For emerging managers, lean IR teams, and cross-border funds, the core challenge is no longer simply finding LPs. It is identifying who is active right now, how to reach the decision-maker directly, what they invest in today rather than last year, where warm paths exist, and when to time outreach for maximum conversion.
Legacy LP databases were built in an era of slower-moving information. But fundraising in 2025 is increasingly shaped by freshness, verified routing, and relationship context. The tools that win are the ones designed around those realities.
This article takes a clear, balanced look at five widely used platforms — Altss, PitchBook, Preqin, Dakota, and FINTRX — and where each fits inside modern fundraising workflows.
TL;DR
PitchBook is the benchmark for private-market deal intelligence and company research, but it is not designed for real-time fundraising signals or LP outreach execution.
Preqin remains strong for institutional benchmarking, historical allocator behavior, and structured fund/LP data, but it is slower on near-term activity and role-change routing.
Dakota is a proven choice for U.S.-centric institutional fundraising, especially for teams living in Salesforce and relying on curated allocator coverage.
FINTRX provides family office data with a research-oriented approach, but teams often supplement it with signal-driven tools for timing and routing.
Altss is built for allocator signal intelligence: real-time activity detection, global private-wealth visibility, relationship context, and verified decision-maker contacts — optimized for outreach timing and conversion.
If your goal is market research, PitchBook and Preqin are often core. If your goal is U.S. institutional execution in Salesforce, Dakota is hard to ignore. If your goal is family office research, FINTRX is worth evaluating. If your goal is fundraising velocity — timing, decision-maker access, warm paths, and global reach — Altss is purpose-built for that workflow.
Raising a Fund I or Fund II? Read the tactical guide: Best Database to Use While Raising Fund I VC in 2026 →
The Fundraising Reality in 2025: Speed Wins
LP behavior is more dynamic than at any point in the last decade. Teams raising capital report three consistent challenges.
Allocator mandates change quickly. CIO transitions, board-level adjustments, liquidity events, or macro-driven rebalances can shift a program's approach far faster than most databases reflect. A family office that was actively deploying into climate tech six months ago may have paused entirely due to a generational transition. An institutional LP that seemed dormant may have just received a new allocation mandate. Understanding the LP decision cycle matters more than list size.
Verified, direct contacts determine success.

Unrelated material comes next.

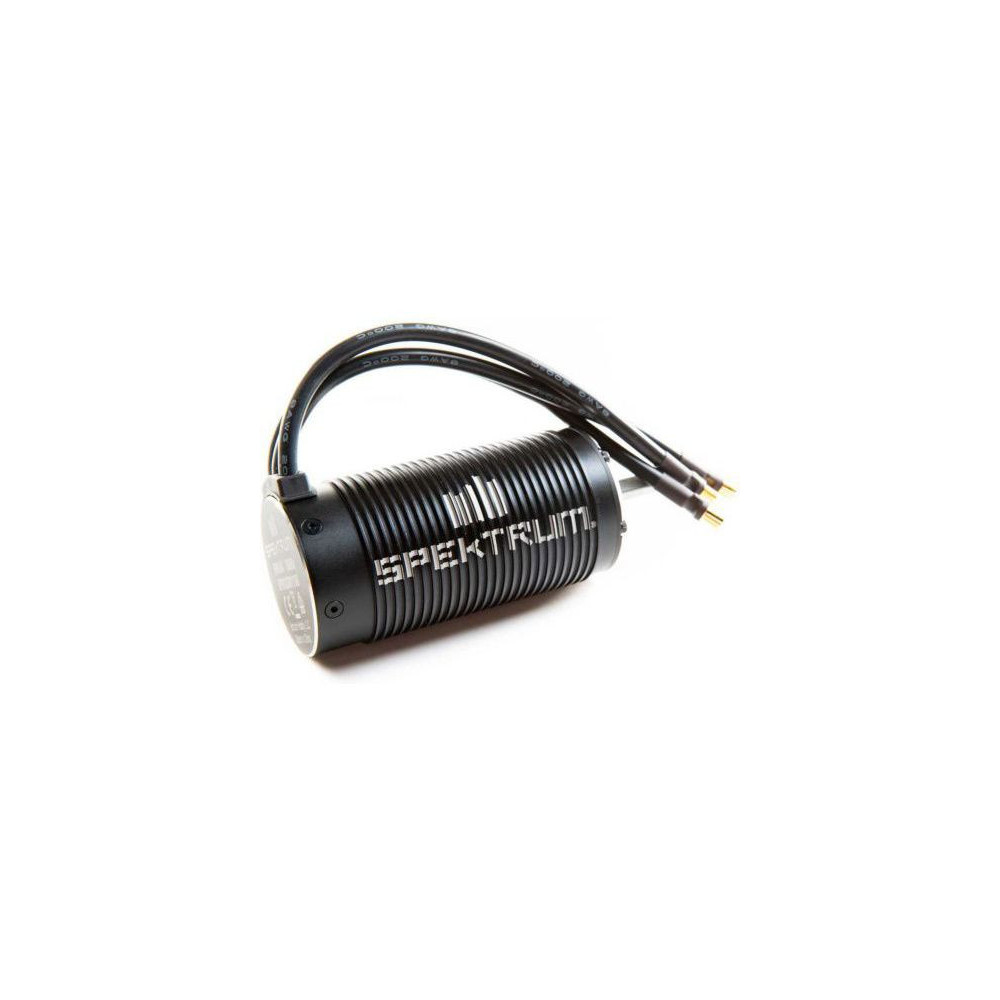 Spectrum kefe nélküli 4P motor Company 2050ot/V RC autó modellekhez 1:8, a test alumíniumból készült, bordázott, 5mm-es ötvözött acél kimeneti tengely és precíziós csapágyak. Kábelek 4mm-es aranyozott csapokkal.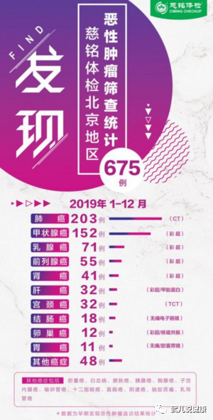 近日,慈铭体检发布2019年恶性肿瘤筛查统计。

Generic inboxes and stale contacts waste weeks in a fundraising cycle where timing matters. This is especially true for teams doing cold outreach into institutional LPs and family offices. A bounced email is not just an inconvenience — it signals to allocators that your research is shallow. Verified routing to the actual decision-maker, not the general contact, compresses timelines.
Relationship context is now a core advantage. Warm paths, shared history, co-investments, and network overlap increasingly determine who gets the meeting first. This is particularly true in private wealth, where routing often depends on trust rather than formal intake processes. The GP who can identify a shared connection or reference a relevant co-investment gets prioritized over the GP who sends a generic deck. Understanding the allocator decision chain — who actually influences the check — matters as much as identifying the firm.
In short, static data has become a liability. Fundraising now requires current, outreach-ready allocator intelligence.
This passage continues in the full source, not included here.